** What is expected **
Only lines holding the word "papaya" are needed; copy each of them from the material.

** Supplied information **
——————
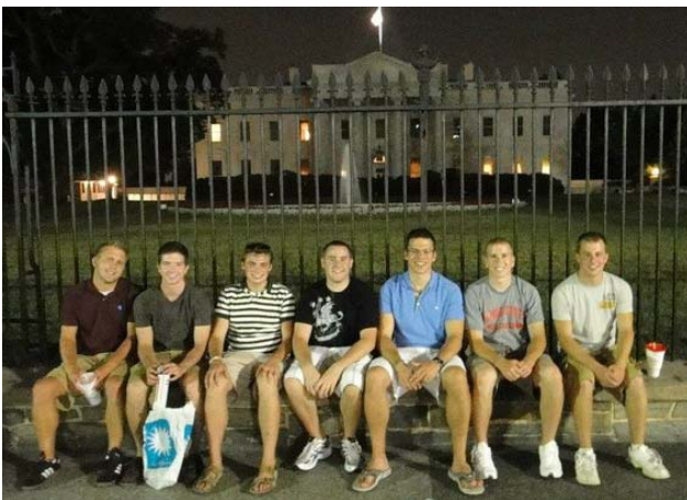
Brothers outside of the White House concluding our history-making day
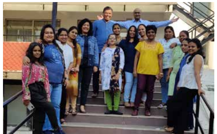
The Team in India
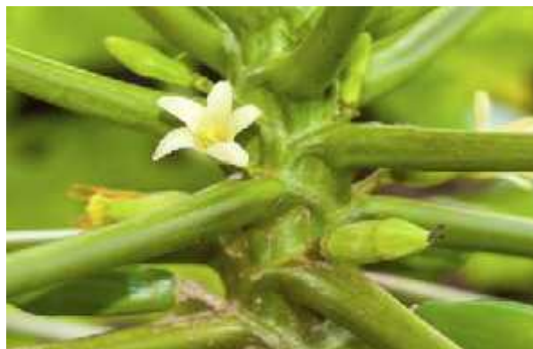
Figure: Carica papaya leaves and Flower

Papaya plants are used medicinally in different countries and are sources of many potent and powerful drugs. Antimicrobial and antifungal activity of Carica papaya (Papaya) plant different leaves extract is tested by methods reported in literature. Phytochemical screening of leaves extracts for alkaloids, carbohydrates, saponins, proteins, amino acids, tannins, flavonoids, glycosides, terpenoids is also done by standard test procedure reported in literature. The researcher used four extracts but the strongest activity showing in methanol extract. Methanolic extract showing inhibition against in S. aureus than E. coli and C. albicans [4].
——————
** Exercise answer **
Figure: Carica papaya leaves and Flower
Papaya plants are used medicinally in different countries and are sources of many potent and powerful drugs. Antimicrobial and antifungal activity of Carica papaya (Papaya) plant different leaves extract is tested by methods reported in literature. Phytochemical screening of leaves extracts for alkaloids, carbohydrates, saponins, proteins, amino acids, tannins, flavonoids, glycosides, terpenoids is also done by standard test procedure reported in literature. The researcher used four extracts but the strongest activity showing in methanol extract. Methanolic extract showing inhibition against in S. aureus than E. coli and C. albicans [4].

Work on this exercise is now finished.